For weak damping $\gamma \approx 0$, there exists a frequency, which we will call $\Omega_\mathrm{LO}$ in anticipation, where the dielectric function is zero:

\begin{aligned} 0 = \varepsilon_r(\Omega_\mathrm{LO}) = \varepsilon_{\mathrm{high}} + (\varepsilon_{\mathrm{low}} - \varepsilon_{\mathrm{high}}) \frac{\Omega_\mathrm{TO}^2}{\Omega_\mathrm{TO}^2 - \Omega_\mathrm{LO}^2} \end{aligned}

The physical significance of $\varepsilon_r = 0$ can be seen from Gauss’ law, under the assumption that there is no net charge density:

\begin{aligned} \nabla \cdot \vb{D} = \varepsilon_0 \varepsilon_r \nabla \cdot \vb{E} = 0 \end{aligned}

If $\varepsilon_r \neq 0$, then $\nabla \cdot \vec{E} = 0$, corresponding to a transverse light wave as usual. However, if $\varepsilon_r = 0$, then $\nabla \cdot \vec{E} \neq 0$, representing a longitudinal electric wave, like a plasmon in metal. Rearranging the equation for $\Omega_\mathrm{LO}$ gives us the Lyddane-Sachs-Teller (LST) relation:

\begin{aligned} \boxed{ \frac{\Omega_\mathrm{LO}^2}{\Omega_\mathrm{TO}^2} = \frac{\varepsilon_{\mathrm{low}}}{\varepsilon_{\mathrm{high}}} } \end{aligned}

$\Omega_\mathrm{LO}$ is the natural frequency of such longitudinal optical (LO) phonons for $K = 0$. Recall that only transverse phonons interact with light: the significance of this result is that we can measure $\varepsilon_\mathrm{low}$, $\varepsilon_\mathrm{high}$, and $\Omega_\mathrm{TO}$ with light, and use that to calculate a quantity for an effect that we cannot interact with directly. The caveat is that this is only valid for simple polar crystals.

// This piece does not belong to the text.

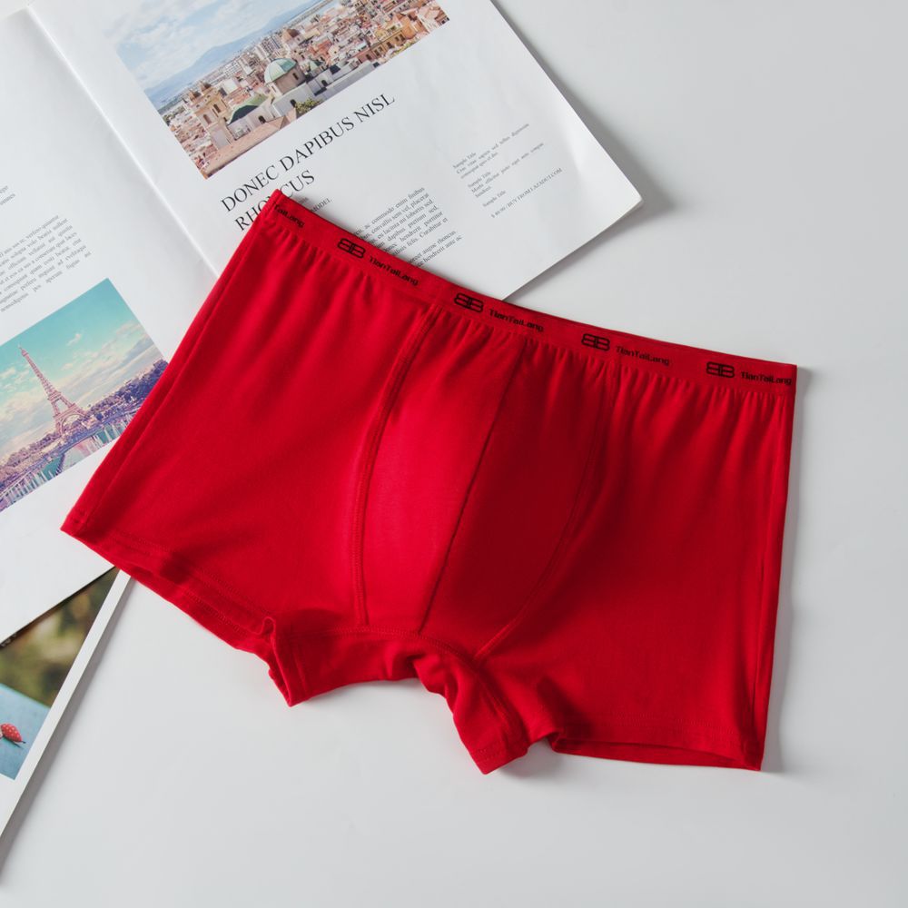 满4条包邮 内裤男竹纤维全棉平角内裤莫代尔纯棉本命年大红短裤衩

For $\omega$-values between $\Omega_\mathrm{TO}$ and $\Omega_\mathrm{LO}$, the permittivity $\varepsilon_r$ is negative, meaning the reflectivity $R$ equals $1$, i.e. the material becomes a perfect reflector:

\begin{aligned} R = \bigg| \frac{i \sqrt{-\varepsilon_r} - 1}{i \sqrt{-\varepsilon_r} + 1} \bigg|^2 = \frac{\varepsilon_r^2 + 1^2}{\varepsilon_r^2 + 1^2} = 1 \end{aligned}

This region of 100% reflectivity is called the Reststrahlen band. In practice, real materials have $\gamma > 0$, which reduces $R$ somewhat.

Because the photons and TO phonons interact so strongly for $\omega \approx \Omega_\mathrm{TO}$, they can be treated as a single phonon polariton there, with a dispersion relation given by:

\begin{aligned} \omega_\mathrm{pp}(K) = \frac{c}{\sqrt{\varepsilon_r(\omega_\mathrm{pp})}} K \end{aligned}

Earlier, when treating the photon and phonon separately, we wanted the intersection between $\omega(k)$ and $\Omega(K)$. But now, for $\omega_\mathrm{pp}(K)$, there is none! This is a good example of the typical anti-crossing behavior of strongly coupled systems.

## References

1. M. Fox, Optical properties of solids, 2nd edition, Oxford.